If b = 0x7fffffff and c = 0x7fffffff, b and c both fit in 31 bits, and b + c overflows to -2 in signed int32 twos-complement math (I think).
If b = 0x40000000 and c = 0x40000000, b and c both fit in 31 bits, and b + c overflows to -2147483648 in signed int32 twos-complement math (I think).
Maybe the definition of "32 bit integer type" you're using is meant to encompass only 32 bits as all unsigned (but then there are a - b terms that would overflow if b > a).
They don't fit into a 31 bit two's complement (i.e. signed) representation, in terms of representing their interpretation as the familiar 32 bit INT_MAX.
31 bit two's complement goes from -0x40000000 to 0x3FFFFFFF. There is a 0x7FFFFFFF bit pattern, which represents -0x00000001. It has a sign bit which is 1. (So, adding that to itself does go to -2, but under that interpretation there is no overflow.)

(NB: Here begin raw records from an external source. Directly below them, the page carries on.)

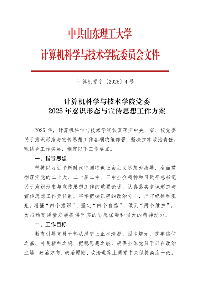 计算机党字【2025】4号-计算机科学与技术公司党委2025年意识形态与宣传思想工作方案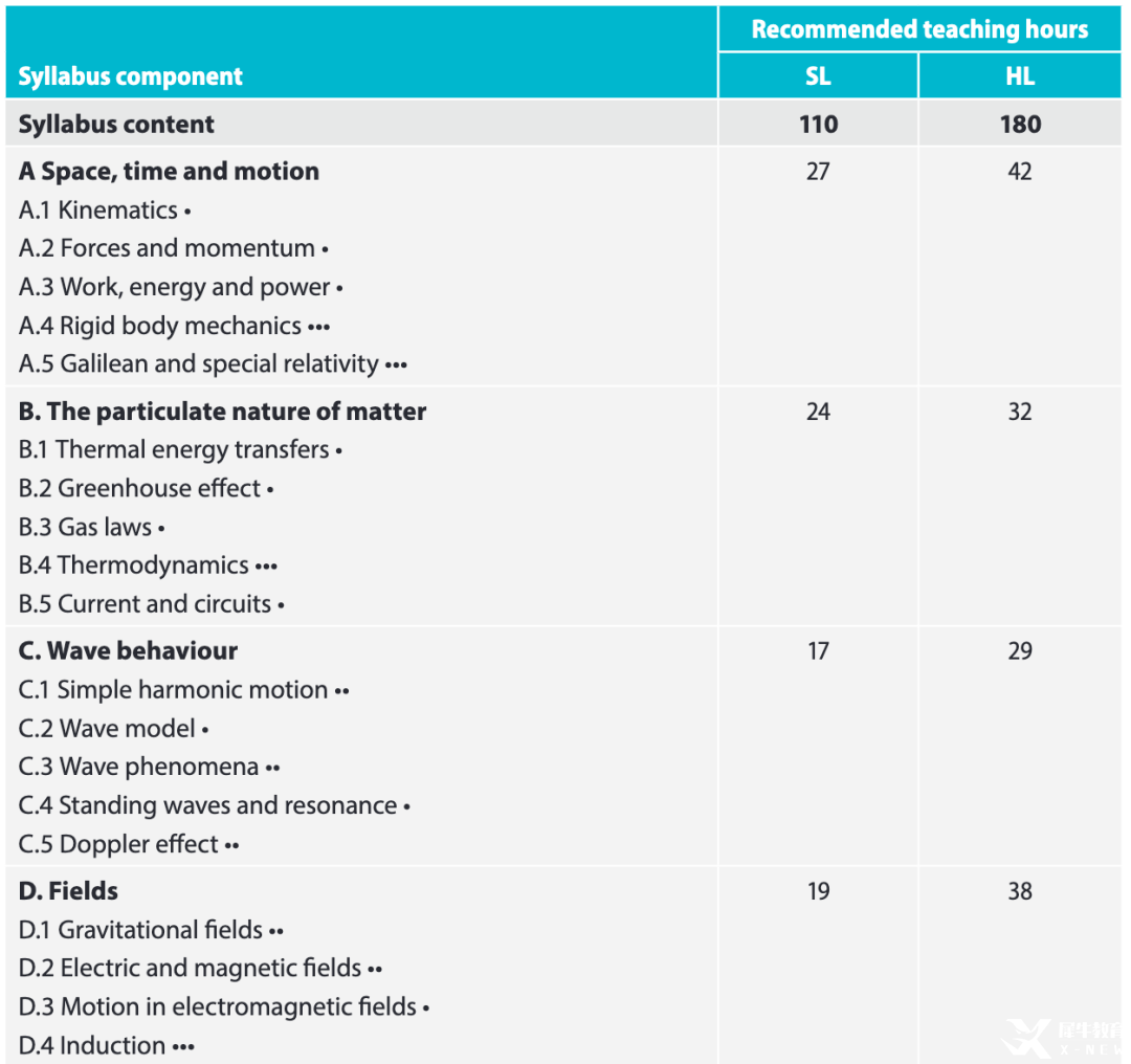 已经从课程中移除了相对论、工程物理、成像以及天体物理学的内容,并将某些SL级别的内容纳入到了HL级别课程。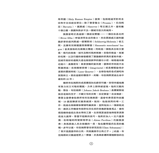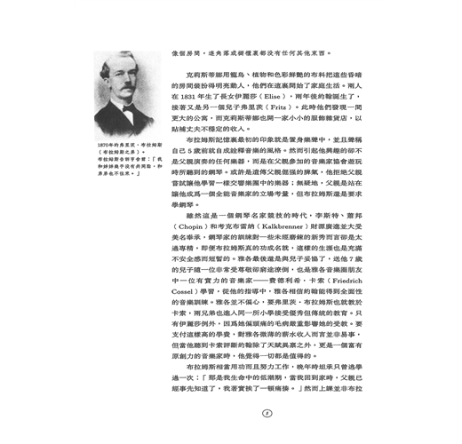 布拉姆斯粗獷的外表,掩飾不了他在給好朋友的信中,所流露天生的敏感個性,與真誠而寬容的心。本書蒐羅了這位偉大作曲家的信件、插圖、最生動的照片,相信會引起各位的迴響。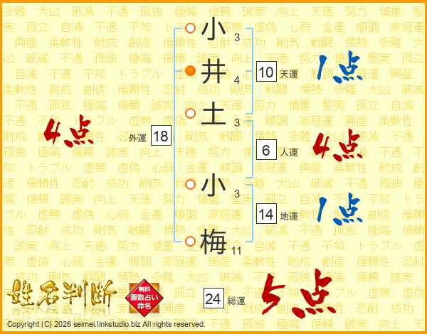 小(3画)井(4画)土(3画) 小(3画)梅(11画)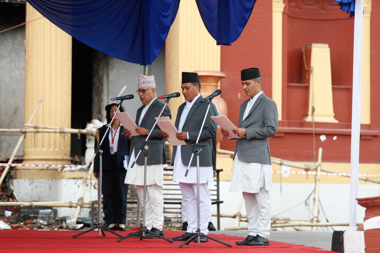 राष्ट्रपति रामचन्द्र पौडेलले राष्ट्रपति कार्यालय शीतल निवासमा आज आयोजित विशेष समारोहमा नवनियुक्त मन्त्रीहरु रामेश्वर खनाल, कुलमान घिसिङ र ओमप्रकाश अर्याललाई शपथ गराउनुभएको हो। राष्ट्रपति पौडेलले अन्तरिम सरकारका प्रधानमन्त्री सुशीला कार्कीको सिफारिसमा उहाँहरुलाई आइतबार साँझ नियुक्त गर्नुभएको हो ।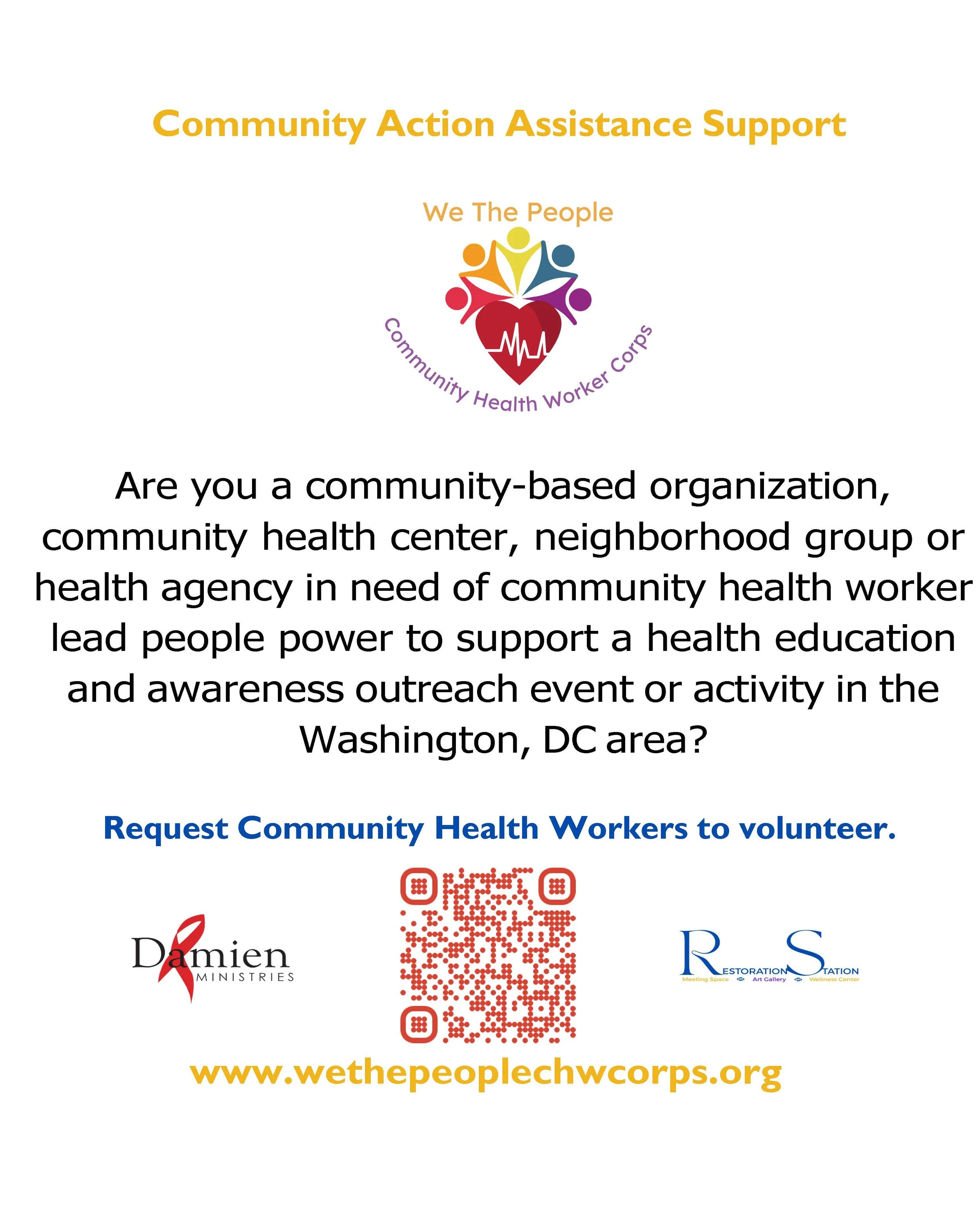 We the People Community Health Worker Corps @ Damien Ministries is excited to offer support to community organizations, health agencies, neighborhood associations, and other groups who need person power to launch, scale or implement a community health education and awareness project program or event.

Any pair of values in that range can be added or subtracted in 32 bit two's complement.
Including the most negative value: -0x40000000 + -0x40000000 = -0x80000000.
If b = 0x40000000 and c = 0x40000000, b and c both fit in 31 bits, and b + c overflows to -2147483648 in signed int32 twos-complement math (I think).
Maybe the definition of "32 bit integer type" you're using is meant to encompass only 32 bits as all unsigned (but then there are a - b terms that would overflow if b > a).
Or perhaps I've gotten something else wrong.